[THE DATA]
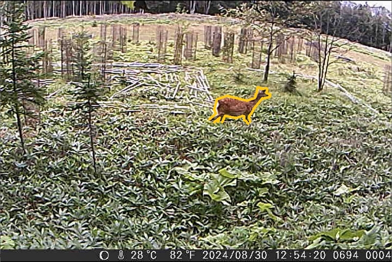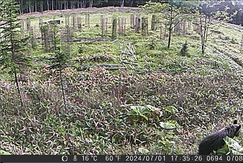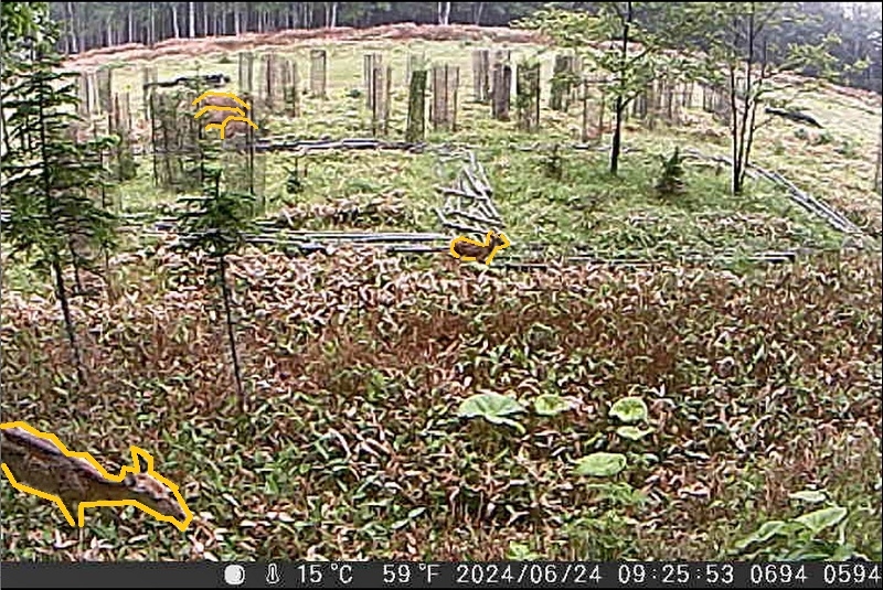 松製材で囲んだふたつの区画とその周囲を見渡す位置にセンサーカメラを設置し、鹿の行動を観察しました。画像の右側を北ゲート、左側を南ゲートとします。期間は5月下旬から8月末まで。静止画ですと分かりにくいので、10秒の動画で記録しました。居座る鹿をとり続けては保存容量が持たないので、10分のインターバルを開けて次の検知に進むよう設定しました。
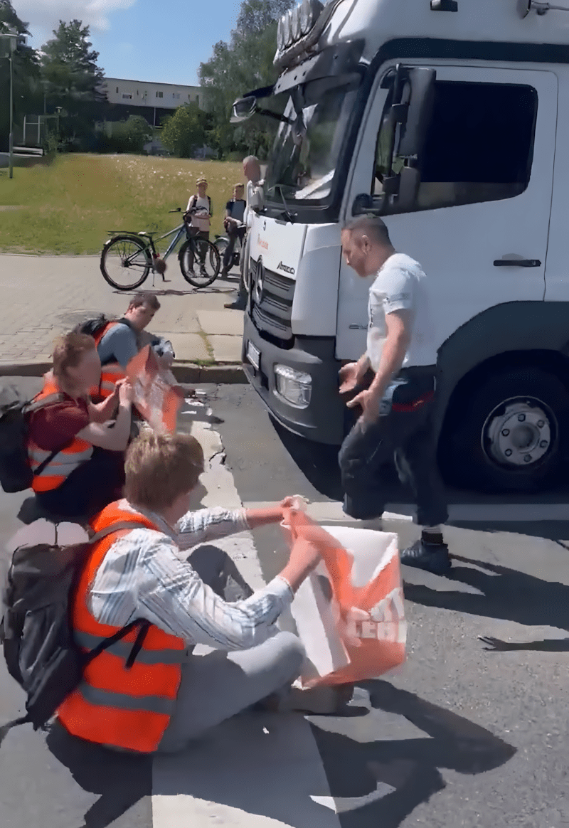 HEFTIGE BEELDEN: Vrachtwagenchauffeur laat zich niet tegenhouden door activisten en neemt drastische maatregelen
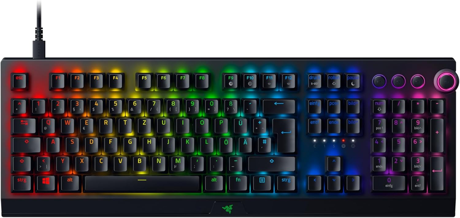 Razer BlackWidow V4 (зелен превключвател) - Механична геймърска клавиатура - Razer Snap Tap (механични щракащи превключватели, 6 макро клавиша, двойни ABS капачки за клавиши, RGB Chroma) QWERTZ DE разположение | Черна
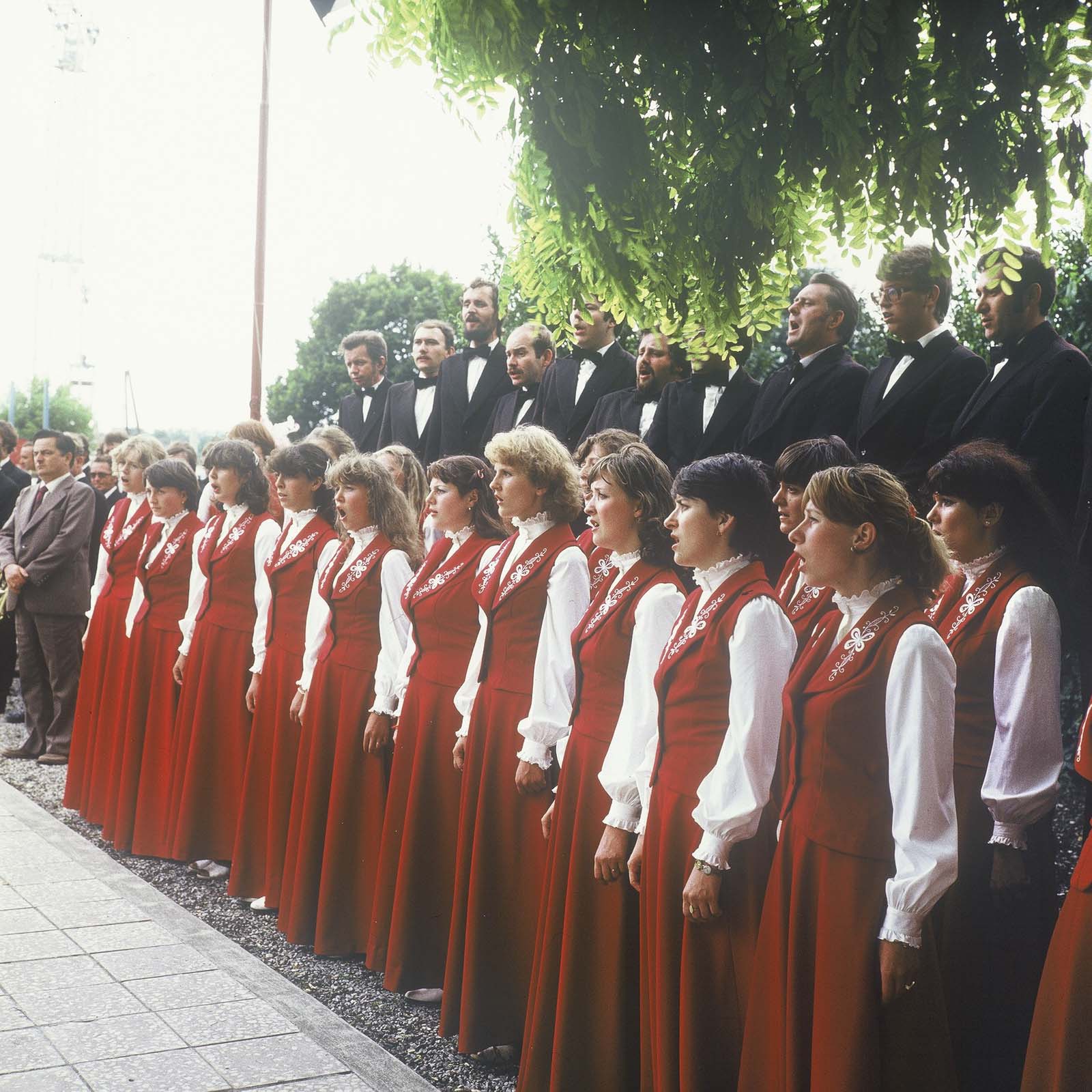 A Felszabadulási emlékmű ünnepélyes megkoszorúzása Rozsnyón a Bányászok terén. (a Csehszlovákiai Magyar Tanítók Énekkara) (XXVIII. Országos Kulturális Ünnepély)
[/THE DATA]
TASK GOAL: Excluding any pictures, print exactly the lines of the listing above from the line with "HEFTIGE BEELDEN: Vrachtwagenchauffeur" to the line with "Razer BlackWidow V4", both ends included.

SOLUTION FOR THIS TASK:
 HEFTIGE BEELDEN: Vrachtwagenchauffeur laat zich niet tegenhouden door activisten en neemt drastische maatregelen
 Razer BlackWidow V4 (зелен превключвател) - Механична геймърска клавиатура - Razer Snap Tap (механични щракащи превключватели, 6 макро клавиша, двойни ABS капачки за клавиши, RGB Chroma) QWERTZ DE разположение | Черна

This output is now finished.